Four lake and marshland provinces along the Yangtze River (Hubei, Hunan, Jiangxi and Anhui) are high-prevalence regions for schistosomiasis japonica, accounting for approximately 94% of the infected persons in China[13]. Within this region, Dongting Lake and Poyang Lake regions account for 86% of infections[3]. Therefore, swamp and lake areas are the current major focus for schistosomiasis prevention and control. As the largest freshwater lake in China, Poyang Lake constitutes the largest endemic area for schistosomiasis and undoubtedly is a priority for schistosomiasis control. Poyang Lake is located in northern Jiangxi Province and near the southern bank of the middle and lower reaches of the Yangtze River (Fig 1). Five main tributaries, the rivers Gan, Fu, Xiu, Rao and Xin, flow into Poyang Lake, which empties each year into the Yangtze River via Hukou[14]. During flooding (April to June), water from these five rivers recharge Poyang Lake. The water level peaks from July to September. Thus, flood plains develop during the period April to September. Between November and early March, the water subsides and this area becomes a landscape of marshlands[15]. As a result, Poyang Lake is a typical seasonal water-land transition lake with dramatic fluctuations in water level, historically ranging from 12 m to 17.2 m measured by Xingzi hydrometric station; this corresponds to a change in water surface from about 500 km2 in the dry season to up to approximately 3 700 km2 (7-fold increase) in the rainy season. Seasonal variations in the water level, vast marshlands as well as an extensive grassland plain, provides an excellent environment for the growth and development of O. hupensis. To date, of 12 administrative counties (cities or districts) located along Poyang Lake, four (Jinxian, Hukou, Lushan and Gongqing) have reached the national criterion for interruption of Schistosomiasis japonica transmission (schistosoma japonicum infection rate below 1% in humans and bovines, and no acute schistosomiasis in humans found and no schistosome-infected snails detected for two consecutive years), while seven counties (Duchang, Yongxiu, Yugan, Xingzi, Xinjian, Nanchang and Poyang) have reached the national criterion for transmission control (no infected schistosomiasis in humans and bovines, as well as no infected snails found for five consecutive years)[16]. Therefore, Poyang Lake remains a key area of endemic schistosomiasis in China.

thumbnail
Fig 1. Location of study area to predict high-risk habitats of Oncomelania hupensis, the intermediate host of Schistosoma japonium in the Poyang Lake region of China.

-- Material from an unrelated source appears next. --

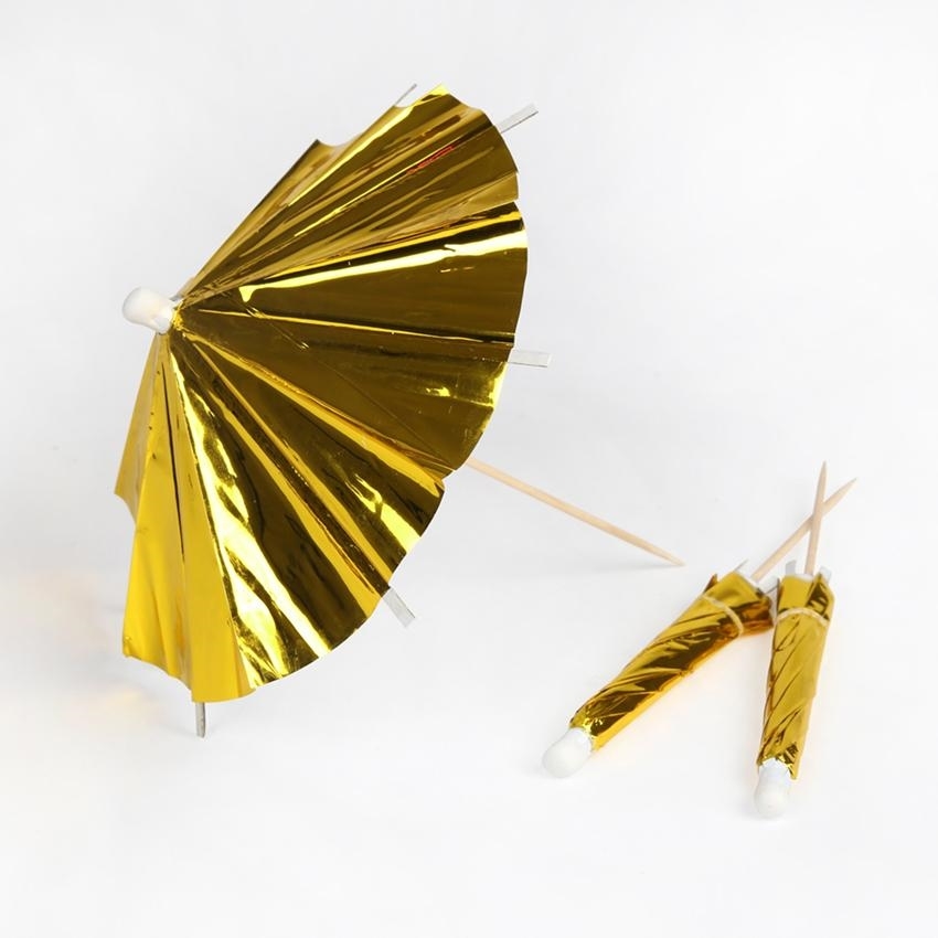 מטריות קוקטייל בצבע זהב מטאלי

Poyang Lake is situated in the northern part of Jiangxi Province and near the southern bank of the middle and lower reaches of Yangtze River. This study covers the core region of the lake with areas of 3,636 km2.

https://doi.org/10.1371/journal.pntd.0007386.g001

In this study, we aimed to identify high-risk snail habitats in the Poyang Lake region using an integrated ecological niche modelling approach, with both presence-absence (PA) and presence-only (PO) models discussed. This study was based on O.hupensis occurrence data and a range of variables, including remote sensing derived data, biological climate data, soil-related data and economic-related data, to develop a new technical framework for predicting snail habitats. These results can also provide guidance on–and a theoretical basis for–the national surveillance and control of schistosomiasis.

Methods

Study area

The extent of potential snail habitats in Poyang Lake depends on the areas with fluctuation of water level. Previous studies have shown that about 95% of snail habitats are distributed in the plains (elevation 14 to 17 m); at elevation ≤13 or >17 m, areas are not suitable as snail habitat[17]. The highest (17.16 m elevation on July 25, 2007) and lowest (12.58 m elevation on March 24, 2003) water levels have been measured at Xingzi hydrometric station in Jiangxi Province, which were the corresponding date for the highest and lowest elevation used in this study. The study area covers about 3,636 km2.

Data sources

Species data.

The data used to construct the models included 3 000 occurrence records of O.hupensis. A square frame covering an area of 0.11 m2 was used to count snails during 2016. This method has been widely applied in China. In each sampled square frame, O.hupensis were collected by trained local workers, then transferred to the laboratory, and the number of surviving O.hupensis were recorded[18]. The latitude and longitude coordinates of each occurrence record were obtained by a handheld GPS instrument (MobileMapper10, Thales Navigation, Paris, France). While for the absence records, 3 000 pseudo-absence records were obtained via random extraction from the study area, excluding occurrence record locations.

All the presence and absence data were randomly separated into model training and testing data sets using a 75–25% split, respectively. For the training sets based on PO models, only 75% of the presence data were included.

Risk factors.

Variables previously confirmed as important determinants of the distribution of snail habitats were chosen to construct the models. The types of variables used in this study are listed and briefly described in Table 1.

thumbnail
Table 1. Descriptions and abbreviations of variables used to develop a range of ecological niche models for predicting high-risk habitats of Oncomelania hupensis, the intermediate host of Schistosoma japonium in the Poyang Lake region of China.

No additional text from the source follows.